Abstract LBA8011: Nintedanib (BIBF 1120) Plus Docetaxel in NSCLC Patients Progressing After First-Line Chemotherapy: LUME Lung 1, a Randomized, Double-Blind Phase III Trial
Martin Reck et al.
LUME 1: The Light is On in Second Line Non Small Cell Lung Carcinoma
Antiangiogenesis as a target has been disappointing in NSCLC. Trials with angiokinase inhibitors have failed either as single agents or combined with chemotherapy. Until now.
LUME 1 studied nintedanib, an oral triple angiokinase inhibitor (TKI) inhibiting VEGFR, FGFR and PDGFR. In this study, over 1200 patients with advanced NSCLC of all histologies were randomized in the second line setting to ninetedanib (N) 200 mg bid + docetaxel (D) 75 mg/m2q21d (n = 655) or docetaxel (D)alone (n = 659). The 1° endpoint was progression free survival (PFS).
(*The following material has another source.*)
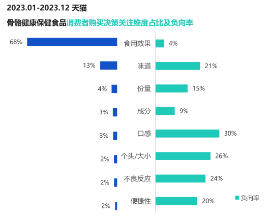 食用效果是骨骼健康消費者最關注的維度,占比達68%,部分消費者反饋產品對于緩解中老年人骨骼、關節疼痛有效,另有部分消費者反饋產品對于促進孩子長高有效。從負面反饋來看,消費者對于產品的口感、個頭/大小、不良反應、味道等方面提出不滿較多,如認為產品味道不佳,難以下咽,或是產品顆粒過大,難以吞服,口感不佳,而不良反應方面,食用之后便秘被提及最多。

Nintedanib with docetaxel significantly prolonged PFS vs docetaxel alone, median 3.4 vs. 2.7 mo (HR 0.79, p = 0.0019 regardless of histology (Figure 1). Overall survival (OS) was significantly prolonged in patients with adenocarcinoma histology 12.6 vs. 10.3 months (HR 0.83; p = 0.0359;)(Figure 2). A trend for improved OS was seen in all median 10.1 vs. 9.1 months (HR 0.94; p = 0.272). The most common AEs were diarrhea (any: 42.3 vs. 21.8%; Gr ≥ 3: 6.6 vs. 2.6%) and ALT elevations (any: 28.5 vs. 8.4%; Gr ≥ 3: 7.8 vs. 0.9%). Grade ≥ 3 adverse events of special interest, hypertension, bleeding or thrombosis, were similar in both arms.
How strong is the light? The primary endpoint of PFS was improved only slightly but was statistically significant. More interesting is the improvement of two months in overall survival of patients with adenocarcinoma. A survival of over one year in a second line trial is encouraging.
A light has been turned back on for antiangiogenesis in NSCLC.